Meet "Hilbert", a new quantum computer, which according to coldquanta.com leverages the natural scalability of the Cold Atom Approach. The short version is coldquanta uses lasers to kind of slow down the atoms to make them super cold, basically, to get below five Kelvin. That's when the magic happens. So, the first version of Hilbert working with 100 high-fidelity, gated, long coherence qubits.
The Hilbert team is targeting 1,000 qubits machine by 2024 with strong connectivity, fidelity, and miniaturization at room temperature without refrigeration required. I think Hilbert is an exciting quantum technology and I love to know more about her.
So, where does the name Hilbert come?
I am not a physicist, but if you read any physics-related material which I read a lot about quantum physics and especially quantum computation, the word Hilbert space used at high frequency. If you don't know what it means. here is an easy way to explain it; In mathematics, Hilbert spaces allow generalizing the methods of linear algebra and calculus from Euclidean vector spaces to spaces that may be infinite-dimensional. A Hilbert space is a vector space equipped with an inner product which defines a distance function for which it is a complete metric space - an infinite-dimensional analog of Euclidean space - a vector space!
So, we also should know another bit of physics that helps understand how Hilbert thinks and does what does.
It turns out that cooling rubidium atoms to less than 170 billionths of a degree above absolute zero (using lasers) causes the individual atoms to condense into a "super atom"; therefore behaving as a single entity. The magic, something spooky happens there.

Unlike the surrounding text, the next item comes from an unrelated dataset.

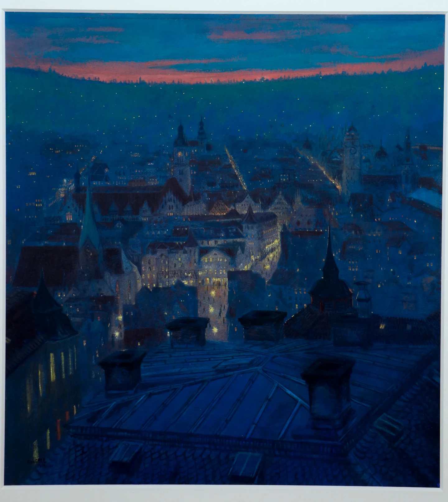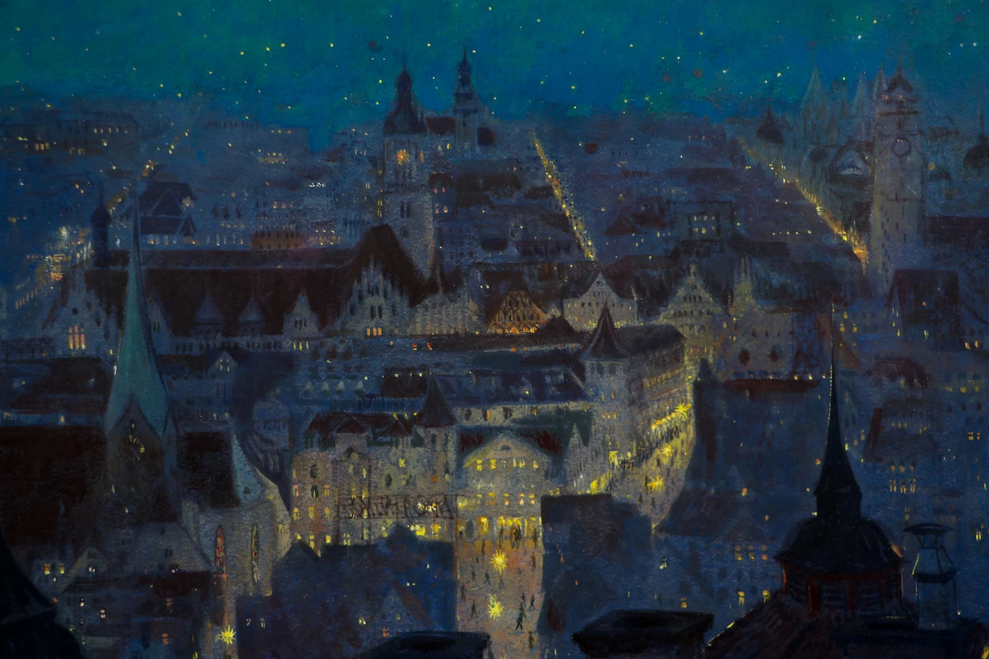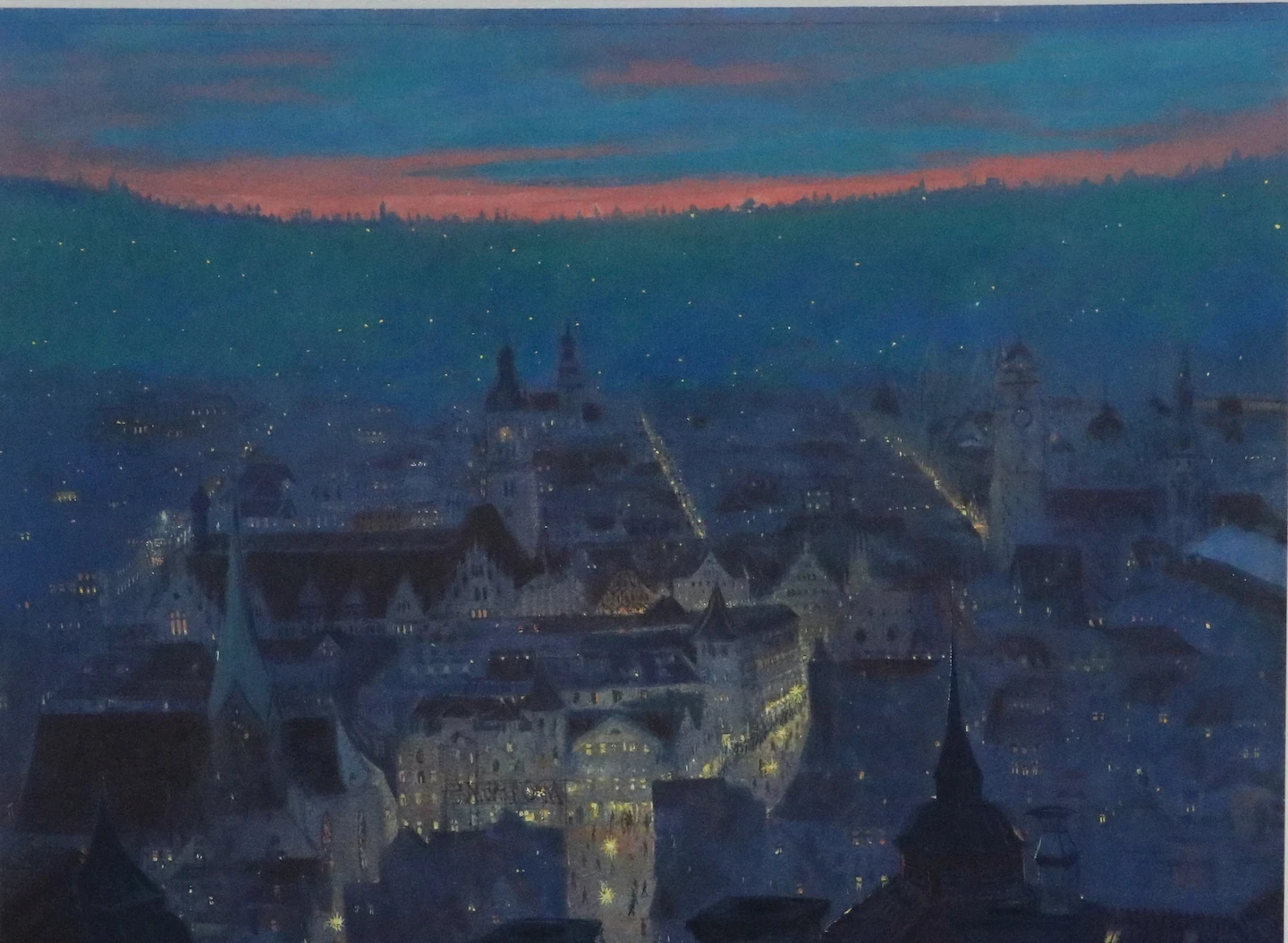 Blick auf das nächtliche Stuttgart von der Stitzenburgstraße (Bopser) aus gesehen von Reinhold Nägele aus dem Jahr 1914

So, the history goes back to July 14, 1955, Science mag published a paper based on a paper from Albert Einstein and Indian physicist Satyendra Nath Bose; predicted that reaching a certain temperature creates an entirely new state of matter. That prediction goes back to Albert Einstein's era and Indian physicist Satyendra Nath Bose on July 14, 1955. I was born 3 weeks later, that makes it 67 year ago. Below see the Science mag which at that time sold for $7.00
False-color image of the velocity distribution in a cloud of rubidium atoms that have formed a Bose-Einstein condensate. Color indicates the density of atoms having the velocity specified by the two horizontal axes. The high-density blue and white spire is an image of low-energy atoms that have condensed into a single quantum state. The average speed of the atoms in the spire is about 0.5 millimeter per second. See page 198 and the related News story on page 152 and the Perspective on page 182. [Image: M. R. Matthews]
That is the very short history of pioneering work that coldquanta scientist have done. So now using the fifth form of matter as the foundation for its Cold Atom Quantum Technology and of course, "Hilbert."
So what can Hilbert do?
In a nutshell, this is how it works; when the atoms cooled to a few millionths of a degree above absolute zero, they take on quantum properties which means we can put them in entanglement state and run gates and circuits on them and compute quantum computations.
To do this, lasers are used to arrange the atoms, hold them in place, run computations on them, and read out the results. Quantum calculations, communications, and sensing are the result. I like to run circuits on Hilbert!